Lívio Oliveira
Procurador Federal, membro da Academia Norte-Rio-Grandense de Letras, do Instituto Histórico e Geográfico do Rio Grande do Norte, da União Brasileira de Escritores no Rio Grande do Norte e da Associação Sertão Raiz Seridó.
24/02/2025 11h02
Algaravia dentro
Faço caminhadas no bairro em que hoje moro. Não têm o mesmo sabor das caminhadas no bairro da minha infância, o Barro Vermelho. Sinto até alguma inveja quando amigos me contam ao telefone sobre os seus passeios que restabelecem o roteiro daquele bairro. Não tenho muito o que fazer contra essa minha realidade, a não ser caminhar do meu bairro até o Barro Vermelho. Se não consigo fazer isso fisicamente, faço a pequena viagem dentro da minha mente, em meio às algaravias íntimas e o olhar para aquele menino que ainda sobrevive dentro de mim, libertando-se vez ou outra e seguindo por estradas inimagináveis, subindo em árvores, caindo delas e levantando, como tem sido na vida inteira.
Faço silêncio ao meu redor, antes de conversar pela milésima vez com o São Pedro que fica lá no alto da igreja, já no Alecrim, pertinho do Colégio das Neves, onde vivi as experiências apaixonadas e os olhares se dirigiam em êxtase para os corpos em formação das meninas lindas, em branco e azul da farda colada ao corpo. O santo me responde que ainda é hora de não falar, de escrever tudo num caderno como aqueles do colégio, com um arame em espiral. Vou tomando notas e ouvindo tudo. Tanta gente falando...melhor eu ficar quieto, em silêncio, enquanto dizem e ditam tudo. E eu anoto as sí-la-bas, fazendo escanções, tentando poemas, tentando algo dentro da mente, que parece ter esvaziado.
No coração sempre tenho algo, o que é bem diferente quando busco as razões. Sou movido para dentro desse “comboio de cordas” pessoano. Sou tragado. Não vislumbro possibilidade outra e prossigo, mesmo que doa fundo, mesmo que os movimentos do coração só me levem para um passado. Sou um amante retroativo, não penso em amores futuros, só os que tive e os que tenho. Os meus filhos realizam os sonhos de ter sido. E vão além, que é o que eu realmente desejo. Ser superado pelos filhos e guardar as minhas cicatrizes num baú a que somente eu possuo acesso.
O que me sossega mesmo é a algaravia dos pássaros lá embaixo, na praça linda e que possuiu dois nomes. Uma praça que é inaugurada mais de uma vez é uma praça lembrada.
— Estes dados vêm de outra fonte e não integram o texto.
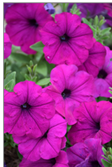
Easy Wave Violet Petunia flowers

Poucas são aqui, na minha cidade cheia de sol e de luz e de trevas da razão. Tudo é bom, diferentemente da canção que Caetano deu para Roberto. Tudo é bom porque parece ser. Só os inquietos, como sou, importam-se com o que é profundo e que termina machucando, provocando dor que sobe pela pele. Não aconselho. Apesar de tudo, de todo esse tempo diferente, estranho, com micro-organismos se instalando nos corpos das pessoas e rasgando tudo dentro, aqui fora ainda há muita luz solar e ventos, que até movem uns moinhos gigantescos, mas com menos charme do que os que Cervantes colocou diante de Dom Quixote.
Prossigo nessa luta diária contra e a favor das palavras. São elas que me dizem. Delas tiro o proveito de viver algo criativo e sonhar, sonhar sempre. As duas palavras, “barro” e “vermelho”, talvez sejam tão fortes dentro do meu interior fraco, que não as evito. Apenas as observo e as perscruto, numa poltrona diante da ponte, aquela ponte que leva o sagrado nome de Newton Navarro. Sento-me aqui e busco alcançar o horizonte após ela, enfiado nesta poltrona parecida com a “Nuvem” de Pablo Neruda em Valparaíso. Parece que aguardo um barco imenso, como o que levava o rinoceronte de Fellini: “E la nave va”.